Forty‐six randomized patients underwent a first examination with gadobenate dimeglumine (n = 23) or gadopentetate dimeglumine (n = 23) and then, after 2–7 days, a second examination with the other agent. Contrast administration (volume, rate), sequence parameters (T1wSE; T1wGRE), and interval between injection and image acquisition were identical for examinations in each patient. Three blinded neuroradiologists evaluated images qualitatively (lesion delineation, lesion enhancement, global preference) and quantitatively (lesion‐to‐brain ratio [LBR], contrast‐to‐noise ratio [CNR], % lesion enhancement). Differences were assessed using Wilcoxon's signed‐rank test. Reader agreement was determined using kappa (κ) statistics.

Results

There were no demographic differences between groups. The three readers preferred gadobenate dimeglumine globally in 22 (53.7%), 21 (51.2%), and 27 (65.9%) patients, respectively, compared with 0, 1, and 0 patients for gadopentetate dimeglumine.

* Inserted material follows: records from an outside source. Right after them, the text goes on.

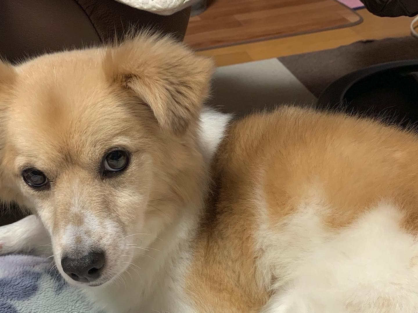 白と茶色の小型犬を探しています
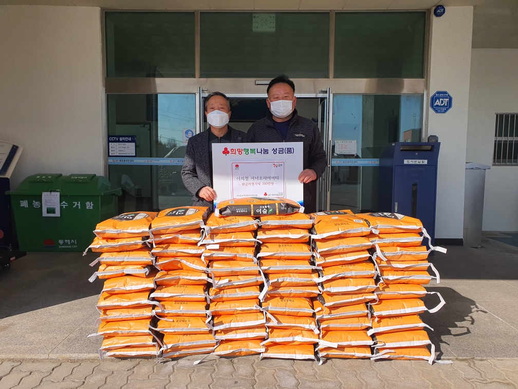 [강원사회복지신문 김종한 기자]=동해시 4번째 아너소사이어티 회원인 (주)동해우리마트 이희철 대표가 강원공동모금회를 통해 묵호동지역사회보장협의체에 현금 200만원을지정 기탁했다. 묵호동지역사회보장협의체는 기탁된 성금으로 쌀 10kg 52포를 구입해 묵호동 저소득가구에 전달할 예정이다.
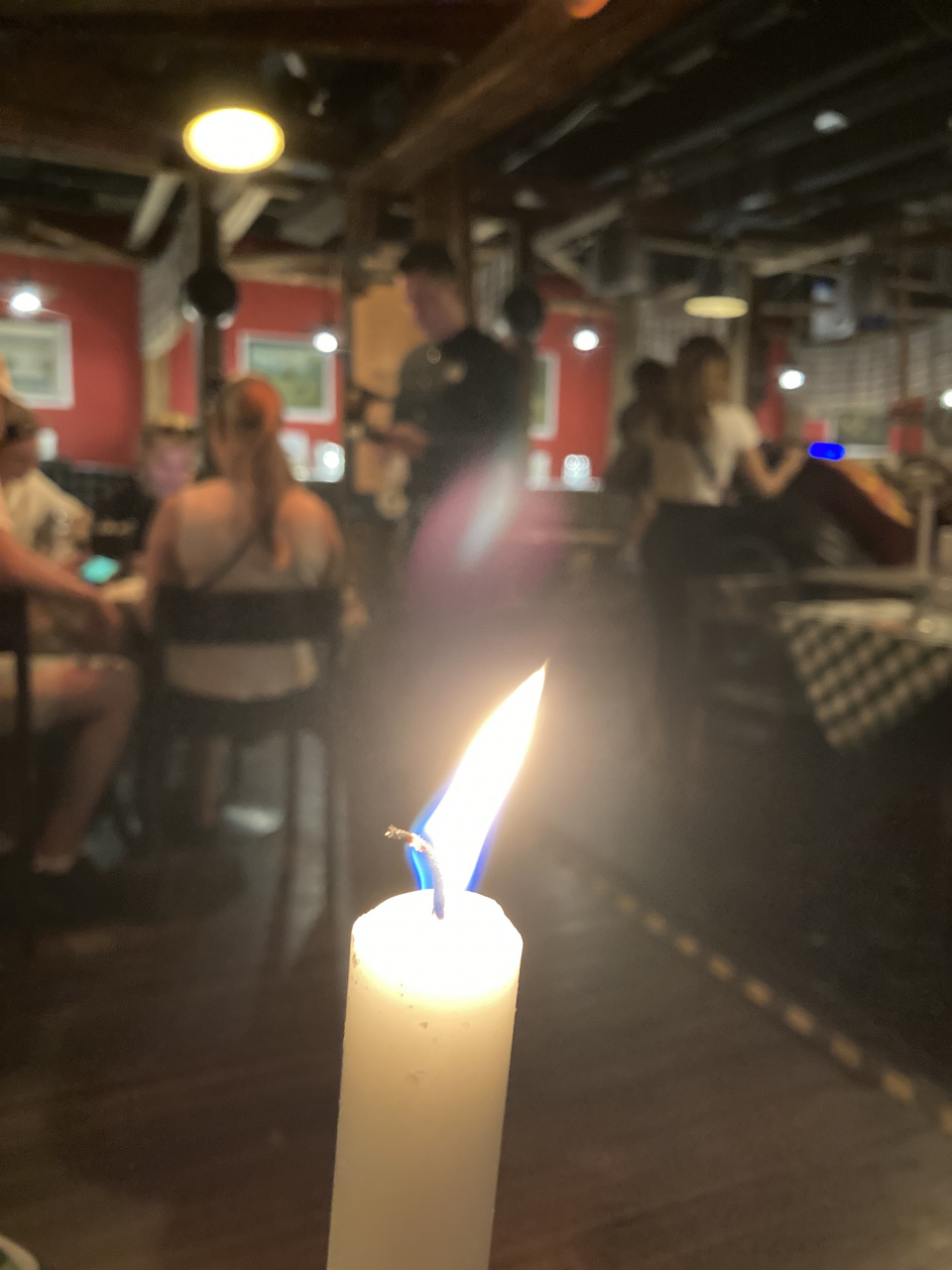 店内に入ると暗い雰囲気で隠れ家的な感じ、さらにそれぞれのテーブルにはろうそくが灯され、良い雰囲気でした。
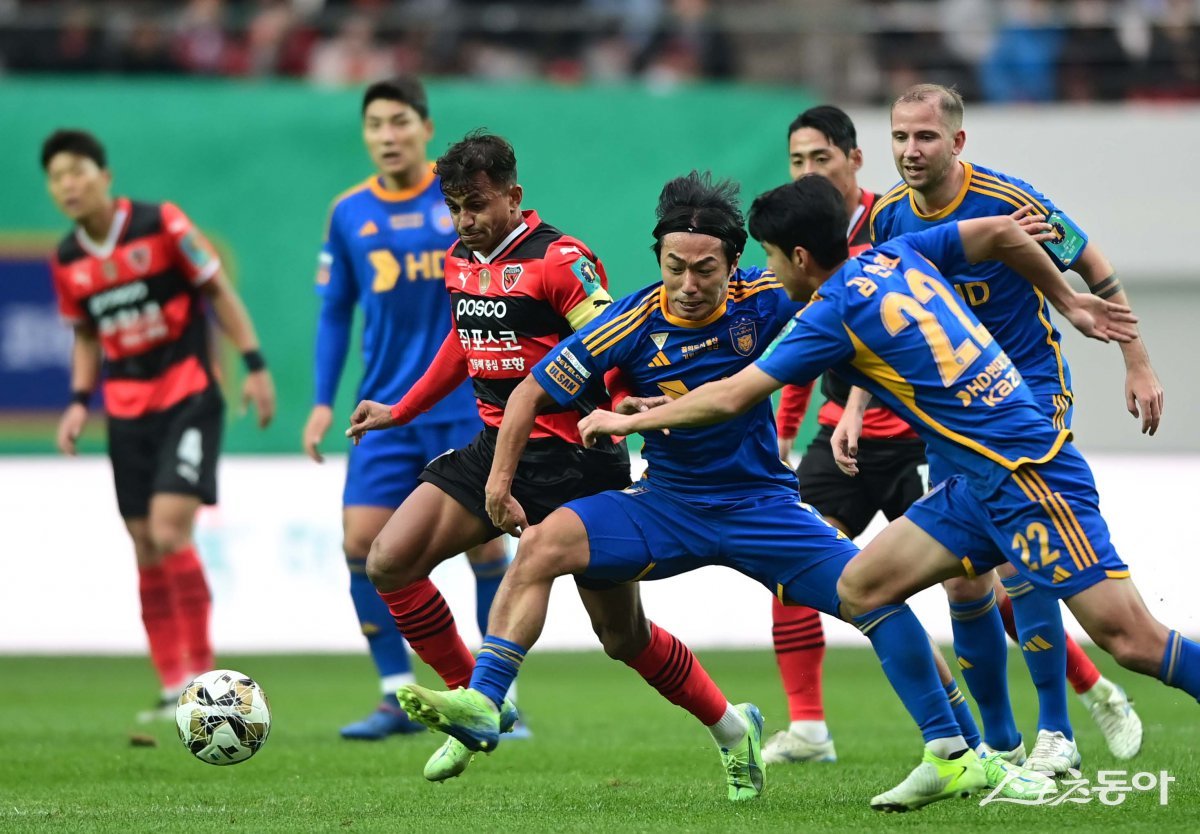 30일 서울월드컵경기장에서 열린 ‘2024 하나은행 코리아컵’ 포항 스틸러스와 울산 HD의 결승전에서 포항 완델손과 울산 고승범이 몸싸움을 하고 있다. 상암 | 주현희 기자 teth1147@donga.com
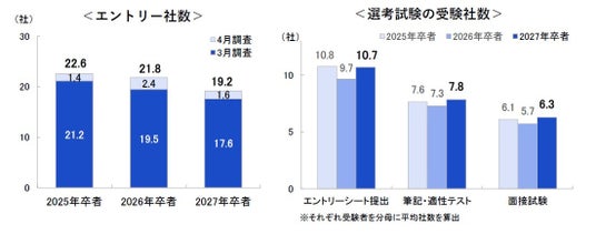 ○一人あたりのエントリー社数の平均は19.2社。前年同期調査(21.8社)より2.6社減少
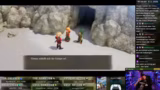 00:07:28Nach technischen Vorbereitungen beginnt das eigentliche Gameplay von Dragon Quest 7. Der Streamer zeigt sich von der Spielwelt begeistert und kommentiert die Feuerkugeln im Spiel als großartig. Er diskutiert die Möglichkeit, einen Speedrun mit dem physischen Spiel statt einer ROM durchzuführen. Es kommt zu seltsamen und glitchigen Spielereignissen, die der Streamer als kaputt und lustig beschreibt.
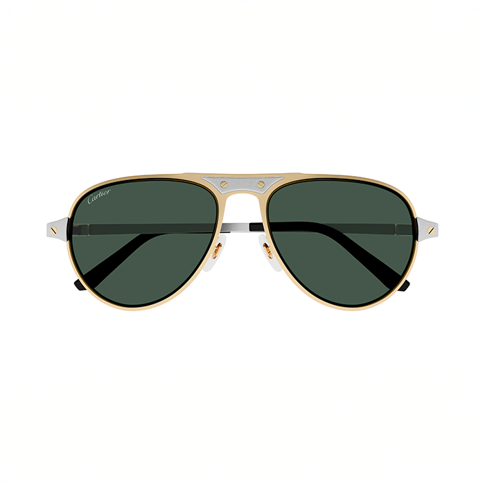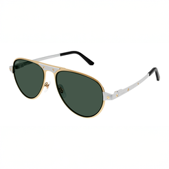 As one of the most iconic jewelry brands in the world, Cartier represents pure luxury. These bi-colored aviator sunglasses include yellow gold and platinum, enhancing the Santos screws on the front and temples. The classic full rim aviator shape is perfect for those wanting an elegant yet masculine piece. Acetate temple tips in black provide comfort and beautifully contrast the metals of the frame.

Similar significant (P < 0.001) preference was expressed for lesion border delineation and enhancement. Reader agreement was consistently good (κ = 0.48–0.64). Significantly (P < 0.05) higher LBR (+43.5– 61.2%), CNR (+51.3–147.6%), and % lesion enhancement (+45.9–49.5%) was noted with gadobenate dimeglumine.

Conclusion

Brain lesion depiction at 3T is significantly improved with 0.1 mmol/kg gadobenate dimeglumine. J. Magn. Reson. Imaging 2009;29:760–767. © 2009 Wiley‐Liss, Inc.